> **Supplied information**
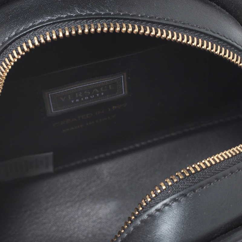 This Versace Tribute Medallion bag is one of a kind and a complete must-have. Crafted meticulously in Italy, it is made of quality leather and comes in a classic shade of black. Exuding elegance and glamour, the front exterior is adorned with gold-tone medallions that carry the signature Medusa motif. It is held by dual handles and comes with a zip closure that leads to a spacious leather interior. It is finished with protective metal feet, a detachable shoulder strap and gold-tone hardware.
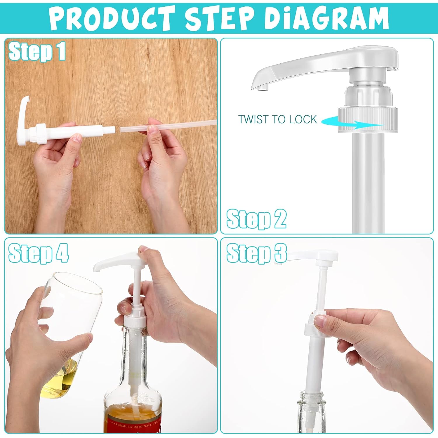 - Easy to use: these syrup pumps are easy to open and lock, you just need to gently press them, they will spray out, you can lock it after use to ensure that the internal liquid will not overflow and mess counter-tops or stick the bottles, also easy to clean
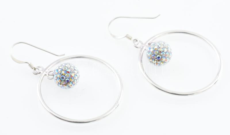 Ezüst(Ag) karikafülbevaló-pár shamballa gyöngy díszítéssel, jelzett, d: 3 cm, bruttó: 5,3 g

> **Your task**
All the lines above should be reproduced exactly, and none of the pictures.

> **Task output**
 This Versace Tribute Medallion bag is one of a kind and a complete must-have. Crafted meticulously in Italy, it is made of quality leather and comes in a classic shade of black. Exuding elegance and glamour, the front exterior is adorned with gold-tone medallions that carry the signature Medusa motif. It is held by dual handles and comes with a zip closure that leads to a spacious leather interior. It is finished with protective metal feet, a detachable shoulder strap and gold-tone hardware.
 - Easy to use: these syrup pumps are easy to open and lock, you just need to gently press them, they will spray out, you can lock it after use to ensure that the internal liquid will not overflow and mess counter-tops or stick the bottles, also easy to clean
 Ezüst(Ag) karikafülbevaló-pár shamballa gyöngy díszítéssel, jelzett, d: 3 cm, bruttó: 5,3 g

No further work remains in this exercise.